Alaska Air Flies Higher Than the Rest


Alaska Air Group may be the best airline available to investors. It's been incredibly successful in its slow, steady expansion plan that not only increases routes but increases revenue per seat along the way. It's no secret either, as the stock has gone up north of 80% in the last 12 months. Yet, even with its tremendous run-up in stock price, the company still trades under 10 times forward earnings. Let's take a look at the first quarter and see if it's time to back up the truck for Alaska Air.

Earnings recap
The company is off to a great start in 2013, achieving profitability in the first quarter for the fourth time in a row, according to CEO Bradley Tilden. The first quarter is typically a difficult one for airlines, as there is typically a sharp drop-off from the fourth quarter's holiday travel season. This quarter was a record first quarter for the airline, hitting $44 million, or $0.62 per share, in net income. Last year, the company managed just $28 million, or $0.39 per share. The Street seemed to expect around $0.56 per share, kicking off a nice beat on the bottom line.

Alaska Air spent a little under $20 million in stock buybacks -- wise considering the valuation of the stock when compared to peers (we'll touch on that later).

Revenues hit $1.133 billion, a 9% gain from the prior year. The boost in sales comes mainly from a boost in capacity. The company is adding routes, both mid- and transcontinental. Passenger revenue per available seat mile (PRASM), the go-to metric for an airline's unit profitability, was admittedly not as appealing as in recent quarters. PRASM was up just 0.3%, driven mainly by a 3.5% gain for regional routes. The industry, meanwhile, averaged 3.5% PRASM growth. Investors need to note, however, that the industry gains were more a matter of increased pricing, while Alaska's gains were a force of capacity and load factor. The latter is a utilization metric of passenger-kilos as a percentage of total seat-kilos.

Tilden cited too much capacity in California and Hawaii routes, as well as the newer, untested, routes as the main culprits for the lagging the industry in PRASM growth.

As of the end of the quarter, the company held $1.3 billion in cash and securities.

Flight path
Fuel costs are heading down, and the company is in a great position to steer toward a record year. Margins improved in the quarter and don't show any signs of reversing in the near future.

Unfortunately for passengers, the company will be adding a net of 2.4% seats to its existing planes via space-saving seat designs. At the likely expense of some comfort, this will help lower unit costs and is necessary to more directly compete with the legacy carriers.

Management expects positive free cash flow, more share buybacks, and continued ROIC performance. April comps are expected to trend down, though investors should not be too concerned. It is likely a result of government sequestration, flight delays, and some now-fixed capacity issues.

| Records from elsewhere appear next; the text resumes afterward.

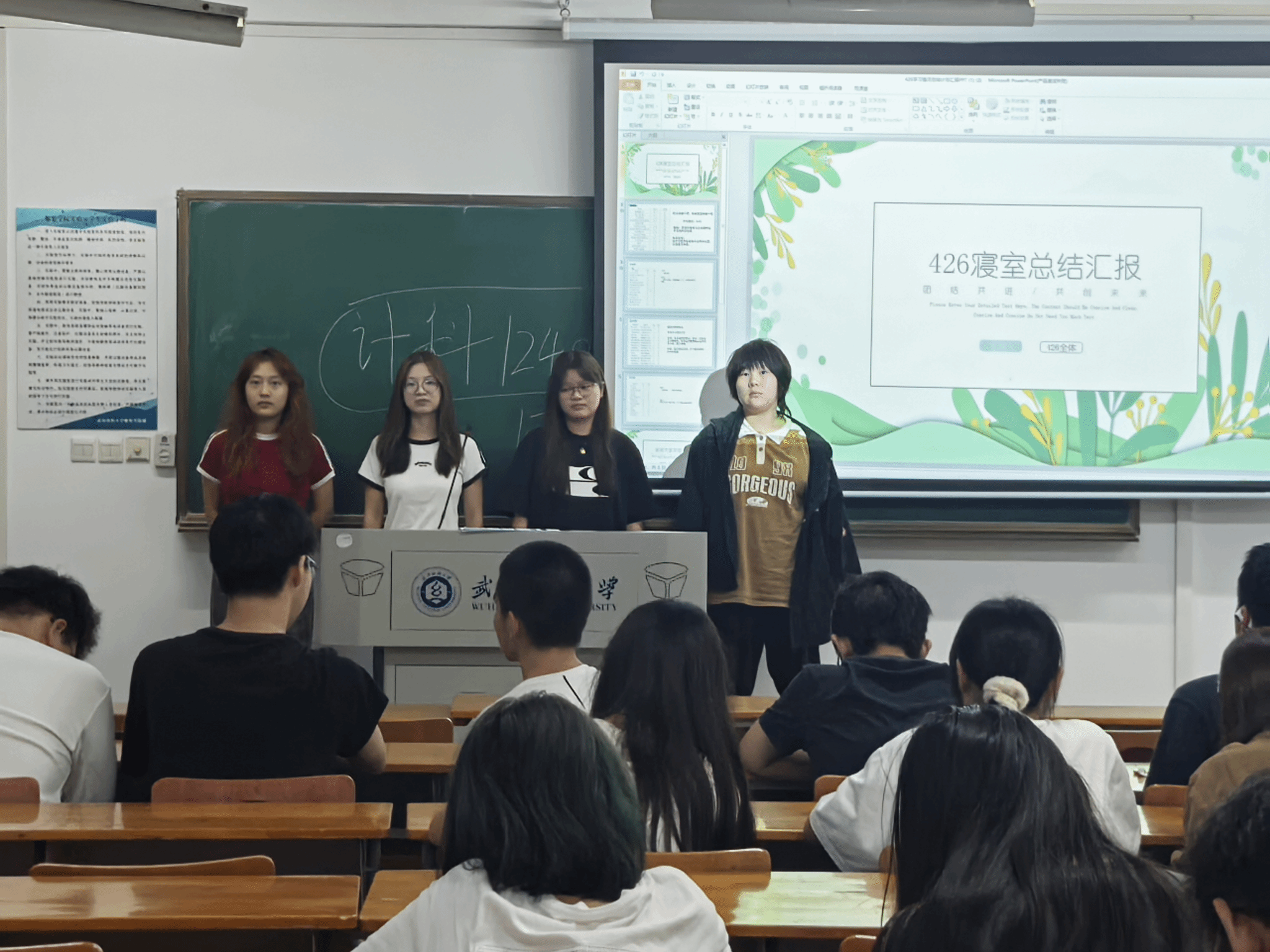 会议伊始,学习委员李炫简要介绍了总结会的目的与流程,强调通过回顾过往、交流经验,为班级新学期的整体进步奠定基础。随后,各寝室代表依次上台,结合PPT展示,围绕学习情况、生活管理、活动参与及未来计划等方面进行分享。
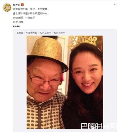经过一夜的沉淀,陈乔恩终于对外出声,31日下午透过微博发文,PO出与金庸的合影,沉痛写下告别:有幸与您相识,是我一生的宝藏,会永远珍惜怀念和您相处的时光,大侠老师,一路走好,再见,再见。
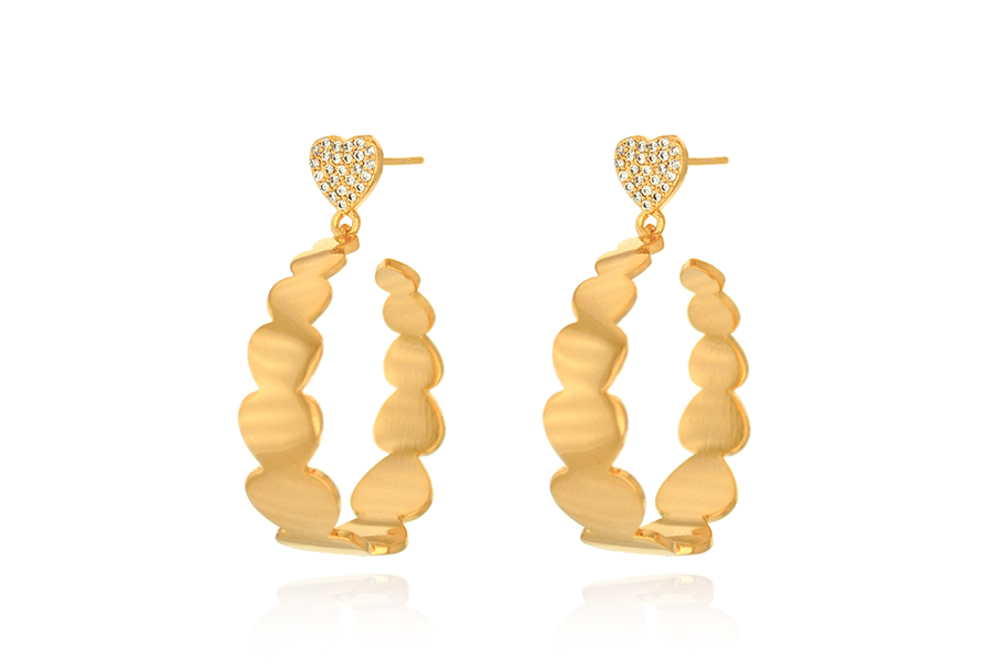 BRINCO BANHADO EM OURO, CORAÇÃO VAZADO 15mm LARGURA
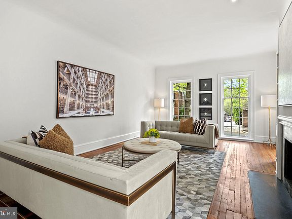Elegance and West Village charm with rare 2-3 car parking, a side entrance private courtyard, patio, and deep garden! Experience the epitome of Georgetown living in this sun-filled, semi-detached quintessential Georgetown residence with magical yet private Georgetown views. Boasting 4 Bedrooms, 3.5 Bathrooms and over 3,000 square feet of living space across 3 levels, this home exudes timeless elegance and modern luxury. Step inside to discover the high ceilings, original pine wood floors and impeccably proportioned rooms that bathe in natural light. The main level welcomes you with an elegant living room features large windows, a wood-burning fireplace and exquisite built-in bookshelves. Adjacent is a charming Dining Room with a second fireplace and built-in spacious custom China cabinet, perfect for intimate gatherings. The gourmet eat-in Kitchen is a modern chef’s dream, equipped with top-of-the-line appliances, a breakfast nook with extra storage and an additional gas fireplace. Upstairs, the Primary Suite awaits with its private southern style balcony, en-suite Bathroom with separate shower and bathing tub, triple window exposures and custom Hunter Douglas electric window treatments, in addition to the remarkable floor to ceiling custom wood closets. Two additional Bedrooms with custom-made, floor-to-ceiling adjustable closets and a Bathroom complete the upper level. The lower level offers versatility with an au pair or guest suite, spacious recreation room, a convenient Kitchenette and Laundry Room complete with a central vac system which adds to the convenience of it all. Outside, escape to the serene private garden, extending to a very rare oversized 2 car Garage with an abundance of storage in addition to two EV charging outlets and one Tesla EV Charger. A rare gem. The recently built Garage conceived with a dual purpose, features two sets of beautiful French doors that open to an updated flagstone balcony overlooking the large garden, creating a picturesque setting for outdoor entertaining. This meticulously upgraded home seamlessly blends historic charm with modern amenities for the ultimate Georgetown living.

At 9.5 times forward earnings, Alaska Air is priced far cheaper than another grower, Allegiant Air Travel Group , which trades at more than 14 times earnings. Allegiant Air does operate a large travel booking service, which may warrant higher valuations, but the core airline business does not have as attractive long-term metrics as Alaska Air's. Another favorite among investors and travelers, JetBlue, trades much closer to Alaska Air at 9.4 times forward earnings. I like both companies, but am more attracted to Alaska's growth prospects as it is still mainly a West Coast airline with plenty of room for expansion.

Though some of the bargain has been erased by market gains, Alaska Air still offers investors a shareholder-friendly business with strong potential for long-term capital appreciation. You may be delayed at the airport, but don't wait too long before checking out this stock.